Uly kept walking, as if he hadn’t heard.
“Hey, I’m talking to you.” Richards stepped in front of Uly and Gallagher, blocking their way. “You deaf or just stupid?”
Uly said, “I’m just going inside, okay?”
“No, it’s not okay.” Richards grinned and glanced back to see if the others around Amundsen’s Mustang were watching. “I think you should take the day off, because the truth is, I can’t stand being in the same building with you.”
He tossed the ball at Uly. It bounced off his forehead and Richards caught it. Uly tried to move past, but Richards stepped in his way.
Gallagher said, “Why don’t you just leave him alone.”
Richards turned and bounced the ball off Gallagher’s forehead in the same way he’d done it to Uly. “Why don’t you make me, freak-boy.”

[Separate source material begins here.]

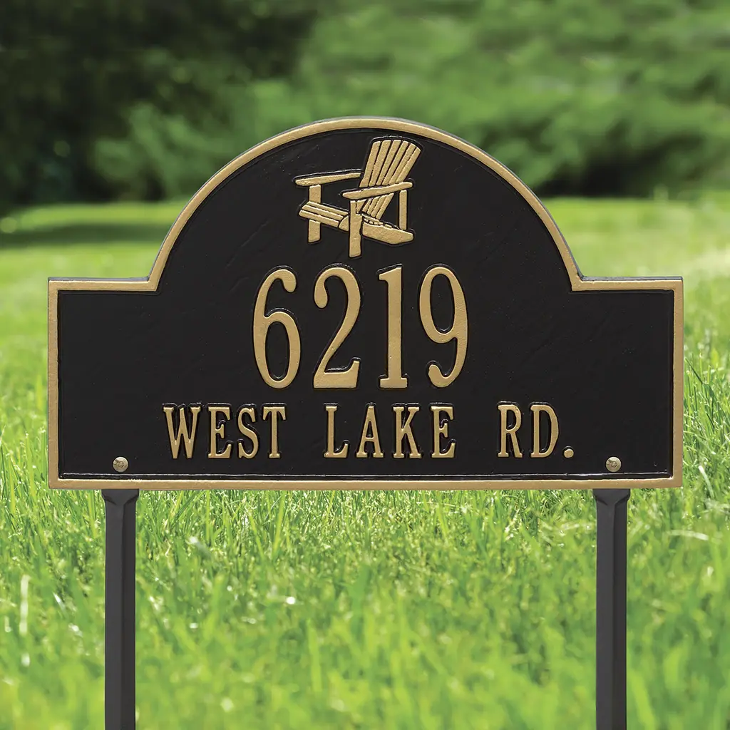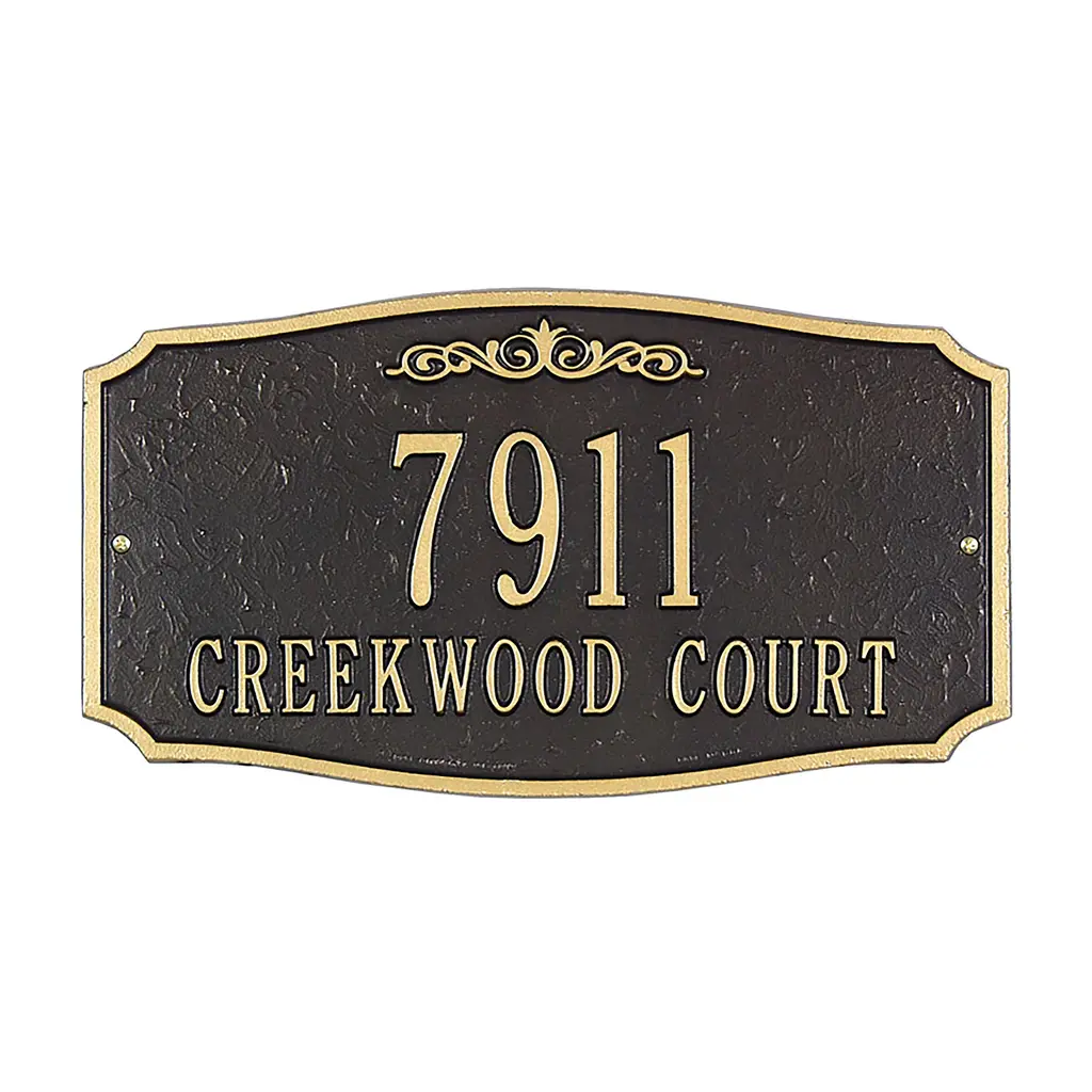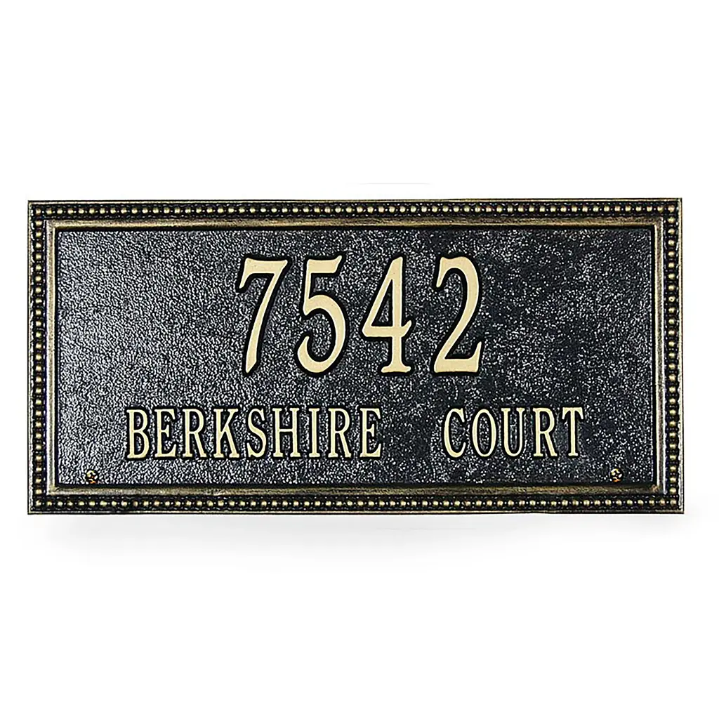 Display your address with our high-quality Beaded Cast Aluminum Wall or Lawn Plaque. Custom-made in the USA from recycled cast aluminum, the wall and lawn plaques feature a beaded border to add distinction to your address. Both feature raised metallic-hued lettering on a background color of your choice. Powder-coat finish protects them from the elements. Lawn plaque comes with all-weather aluminum 18" stakes and mounting hardware.

Gallagher made no move against Richards, just stood silently with his hands in his long black coat.
“Go on,” Richards said to Uly. “The Red Boyz aren’t welcome here.”
“I’m not one of the Red Boyz.”
“Know what we do to Red Boyz around here? Open ’em up with buckshot, that’s what.”
He popped the ball off Uly’s forehead again. This time Uly followed it back. He tackled Richards. Together they fell backward and ricocheted off a green Taurus wagon, knocking the side mirror from its mount. They hit the pavement with Uly still in Richards’s grasp. The car alarm on the Taurus began to bleat mercilessly. Richards was taller and heavier, but Uly was all rage and he wrapped up the bigger boy in the furious hug of his arms as they wrestled. Annie leaped from the planter box and raced toward the Taurus. The Mustang crowd came, too. They formed a loose circle around the two kids writhing on the asphalt. Annie moved to intervene, but Gary Amundsen blocked her way.
“Let them finish it,” he said.
“Get out of my way, Gary.”
Annie tried to move around him, but Randy Shaw slipped next to Amundsen and stood with him shoulder to shoulder, forming a human wall.
“You heard him,” Shaw said. “It’s between them.”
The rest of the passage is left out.